Exactly as written, print every line of the listing below and omit its pictures.

--- DATA SHOWN Enclosed Below ---

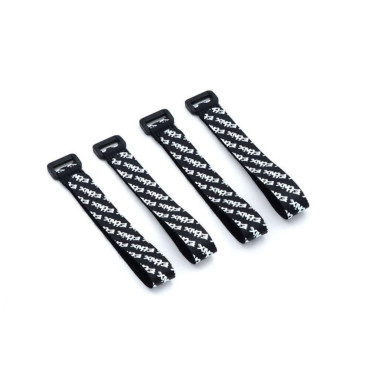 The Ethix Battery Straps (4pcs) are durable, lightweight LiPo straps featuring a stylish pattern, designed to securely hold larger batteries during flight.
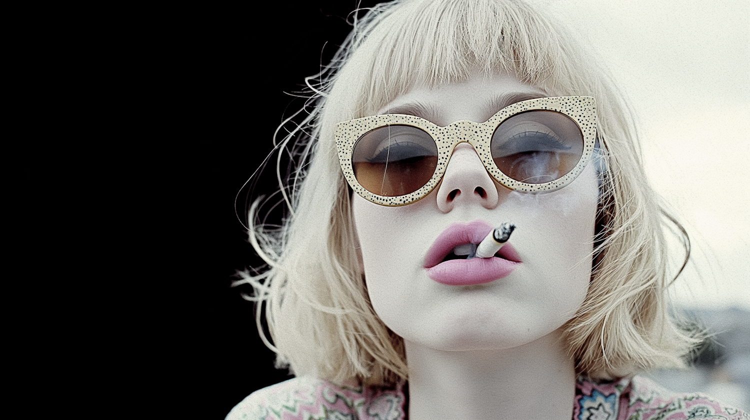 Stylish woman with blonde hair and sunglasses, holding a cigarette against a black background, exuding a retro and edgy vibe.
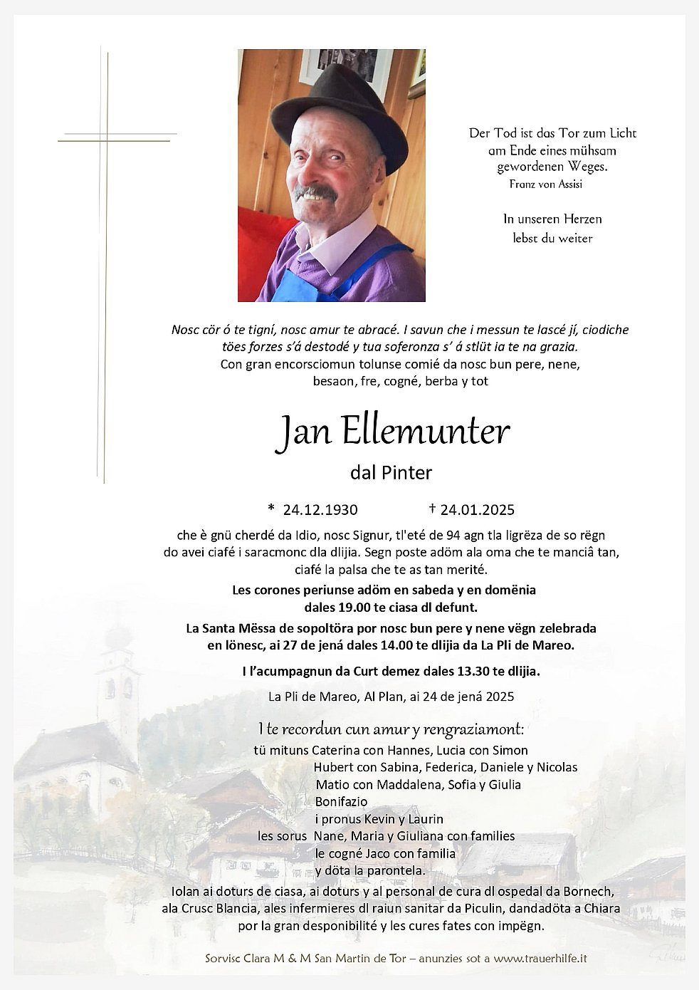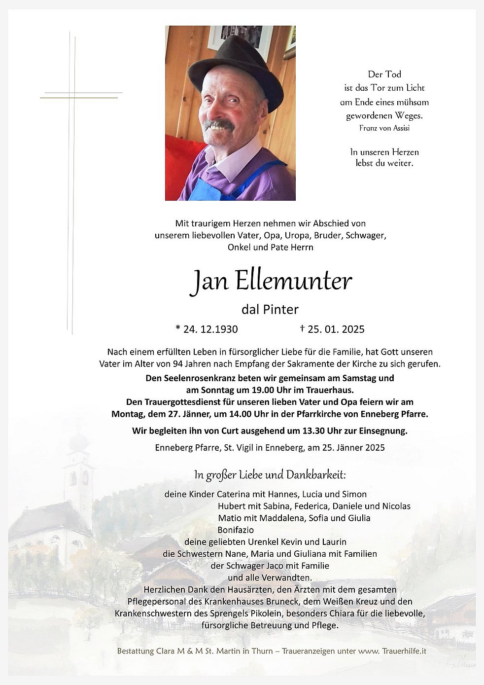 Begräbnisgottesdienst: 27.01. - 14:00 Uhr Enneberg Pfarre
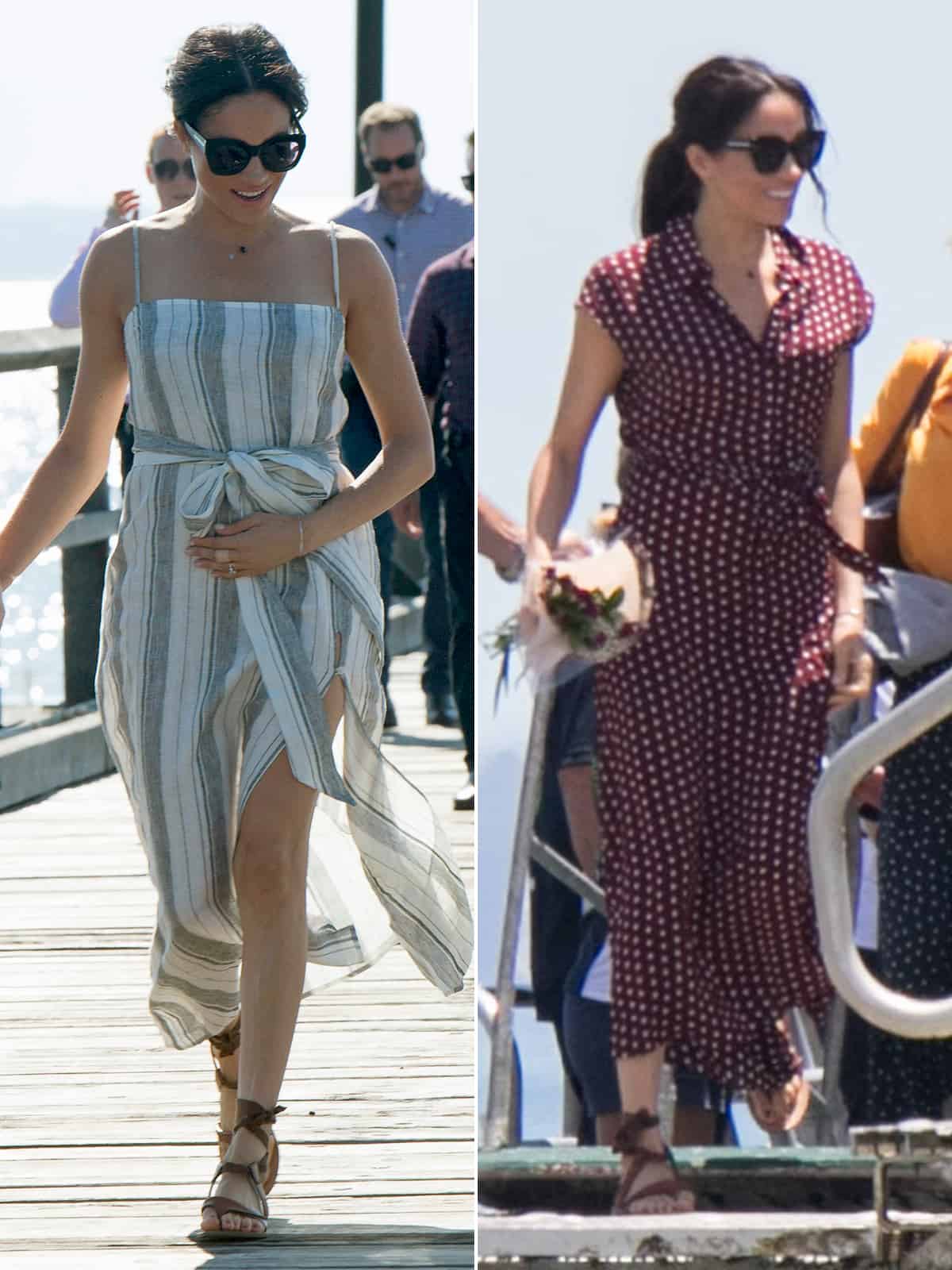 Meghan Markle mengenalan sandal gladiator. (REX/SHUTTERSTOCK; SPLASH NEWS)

--- End of Enclosed DATA SHOWN ---

**TASK SOLUTION:**
 The Ethix Battery Straps (4pcs) are durable, lightweight LiPo straps featuring a stylish pattern, designed to securely hold larger batteries during flight.
 Stylish woman with blonde hair and sunglasses, holding a cigarette against a black background, exuding a retro and edgy vibe.
 Begräbnisgottesdienst: 27.01. - 14:00 Uhr Enneberg Pfarre
 Meghan Markle mengenalan sandal gladiator. (REX/SHUTTERSTOCK; SPLASH NEWS)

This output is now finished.